[Tutor] Two dimensional lists

[Cameron Simpson]

On 02Nov2020 18:36, Phil <phillor9 at gmail.com> wrote:
>On 2/11/20 5:22 pm, Cameron Simpson wrote:
>I've explicitly laid out a list of lists.
>
>Thank you again Cameron.

You said you had some C++ code, so I'm going to provide some C code 
below to show some mechanism in a form I hope you're already familiar 
with.

>I left a pair of square brackets off my previous reply. It's been a 
>long day and this is what I meant in my reply:
>
>>>> b = [[5],[5]]

This implements a 2x1 list of lists and assigns a reference to it to 
"b".

>>>> b[3][2] = 9
>Traceback (most recent call last):
>  File "<stdin>", line 1, in <module>
>IndexError: list index out of range

Thus the index errors: you have a 2x1 data structure, not a 5x5 data 
structure.

>I know there's still a problem there, I'll look into it tomorrow.
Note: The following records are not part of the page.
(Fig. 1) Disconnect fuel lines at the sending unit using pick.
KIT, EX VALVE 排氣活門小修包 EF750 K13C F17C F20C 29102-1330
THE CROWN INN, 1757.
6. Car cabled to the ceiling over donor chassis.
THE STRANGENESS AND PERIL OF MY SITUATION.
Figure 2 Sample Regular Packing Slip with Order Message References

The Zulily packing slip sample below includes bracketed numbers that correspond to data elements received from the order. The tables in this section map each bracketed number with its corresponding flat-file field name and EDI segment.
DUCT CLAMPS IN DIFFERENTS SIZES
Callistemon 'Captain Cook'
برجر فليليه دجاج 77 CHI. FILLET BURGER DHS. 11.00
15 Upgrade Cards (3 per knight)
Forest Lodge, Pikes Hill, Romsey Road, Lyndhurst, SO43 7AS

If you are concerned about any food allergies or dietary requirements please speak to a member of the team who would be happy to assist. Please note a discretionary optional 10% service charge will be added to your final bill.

I think you're still conflating declarations and assignments. In C one 
might write:

    int aa[5][5];

That _declares_ a 5x5 array of ints and implicitly fills it with zeroes.
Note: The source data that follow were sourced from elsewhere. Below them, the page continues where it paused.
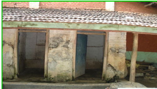
Boys Toilet @ Kevadi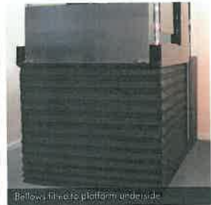
Bellows fitted to platform underside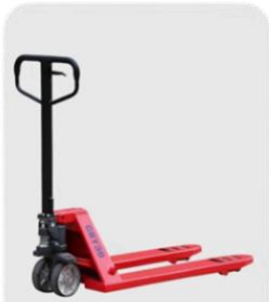
CBY-30 MANUAL PALLET TRUCK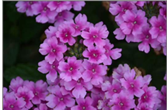
EnduraScape Pink Bicolor Verbena flowers

EnduraScape Pink Bicolor Verbena is an herbaceous annual with a trailing habit of growth, eventually spilling over the edges of hanging baskets and containers. It brings an extremely fine and delicate texture to the garden composition and should be used to full effect.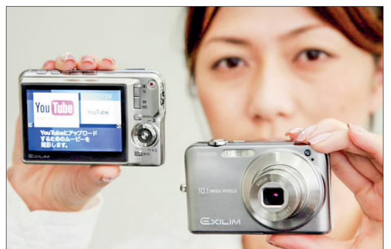
Japanese electronics giant Casio Computer put on the market new cameras that feature a pre-installed YouTube Capture software to easily upload videos to the website.

In addition to doctors and nurses, mental health professionals and healthcare informa-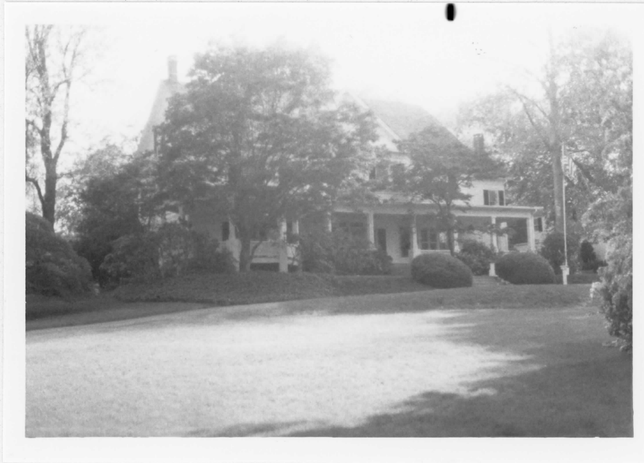
View from northeast

HUNTINGTON TOWN MULTIPLE RESOURCE AREA SUFFOLK COUNTY, NEW YORK PHOTOS: A.O'BRIEN, 1984 NEGATIVES: OPRHP GEOHEGAN HOUSE 9 HARBOR HILL DRIVE HUNTINGTON BAY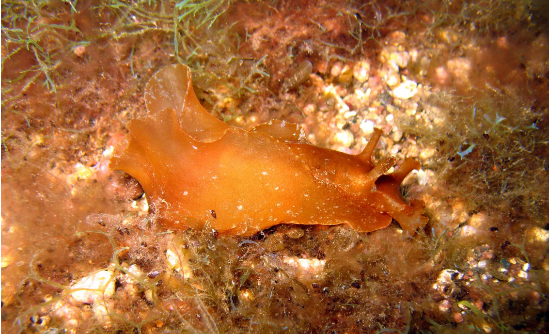
3) Aplysia fasciata Poiret, 1789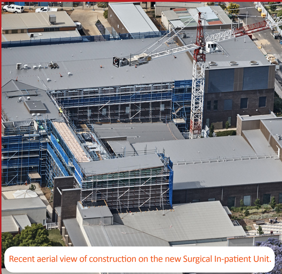
Recent aerial view of construction on the new Surgical In-patient Unit.

Members of the Dubbo Hospital executive team recently had a tour of the new Surgical In-patient Unit which is nearing completion. Work is continuing on the link corridor to the In-patient Unit and the extension of the stairwell and lift lobby. Patients and staff are scheduled to move in to the new unit in the first half of 2018.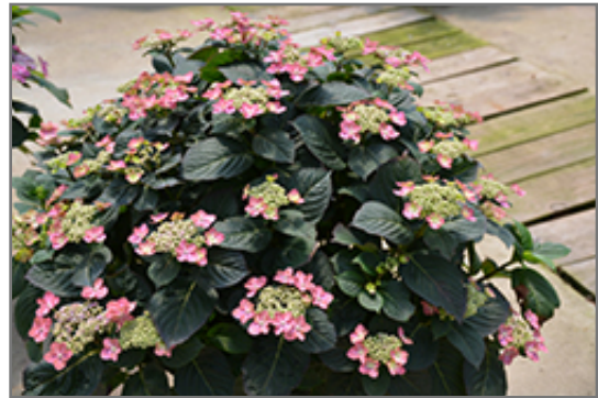
Tuff Stuff Red Hydrangea in bloom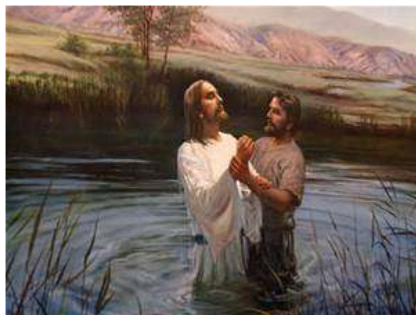
JOHN THE BAPTIST BAPTIZING JESUS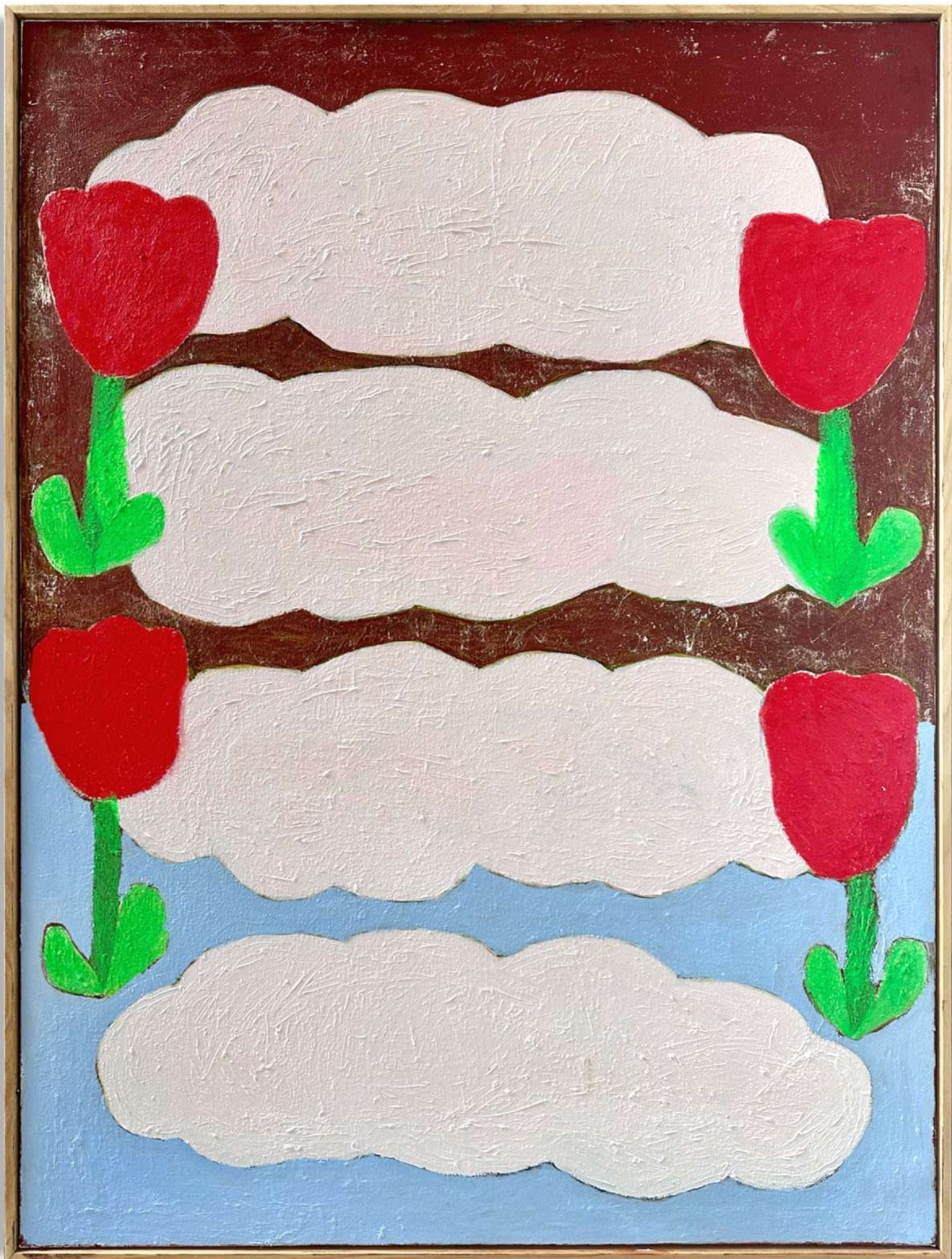
Where the happy people go Oil paint, oil stick on canvas 123 x 93 cm $5,600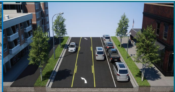
North of University: Shared Use Path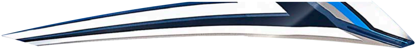
Decent Blue Metallic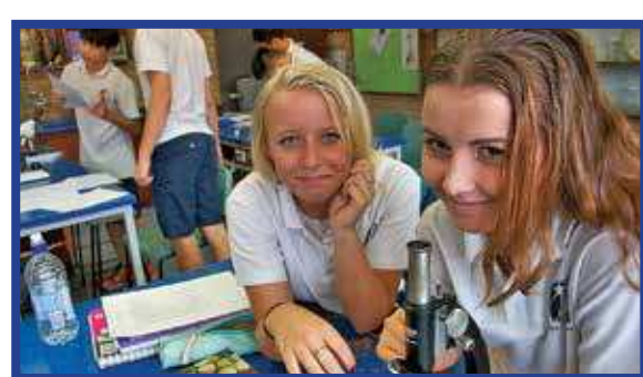
Year 11 girls working with microscope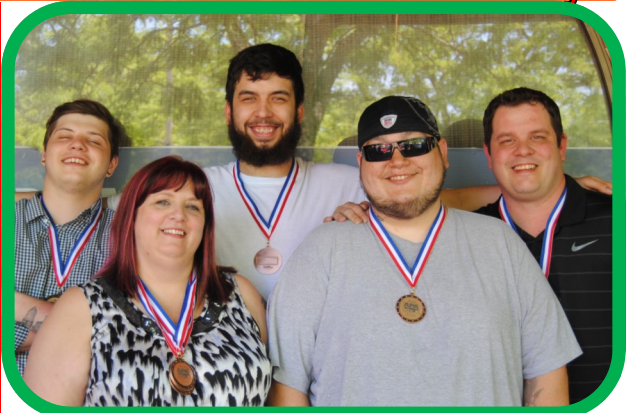
RUNNER-UP: UNDERGROUND ASSASSINS

In Python you don't declare variables. A variable is just a reference to 
an object (a list is an object, so is an int). They are not pointers, 
but if you think of them as pointers it will be useful for your mental 
model.

So, here's your b= _assignment_:

    b = [5], [5]

which is a 2-tuple if 1-lists. This is _similar_ to this piece of C:

    int l1[1] = { 5 };
    int l2[1] = { 5 };
    int *b[2] = { l1, l2 };

It is not a perfect metaphor, because lists are resizeable, so a closer 
analogy might be this:

    int *l1 = malloc(1 * sizeof(int));
    l1[0] = 5;
    int *l2 = malloc(1 * sizeof(int));
    l2[0] = 5;
    int *b[2] = { l1, l2 };

So malloc() a resizable piece of memory holding 1 int and keep a pointer 
to it in l1. Repeat for l2. Then allocate a fixed size 2-element array 
of int* to point at l1 and l2.

Now, that is for:

    b = [5], [5]

which is equivalent to:

    b = ( [5], [5] )

i.e. that makes "b" refer to a 2-tuple. With your missing square 
brackets:

    b = [ [5], [5] ]

you're making a 2-list instead of a 2-tuple: the real different is that 
a list can be mmodified. So this is like this C code:

    int *l1 = malloc(1 * sizeof(int));
    l1[0] = 5;
    int *l2 = malloc(1 * sizeof(int));
    l2[0] = 5;
    int **b = malloc(2 * sizeof(int*));
    b[0] = l1;
    b[1] = l2;

So "b" now points at a resizable piece of memory holding 2 pointers 
instead of a fixed size piece of memory.

Cheers,
Cameron Simpson <cs at cskk.id.au>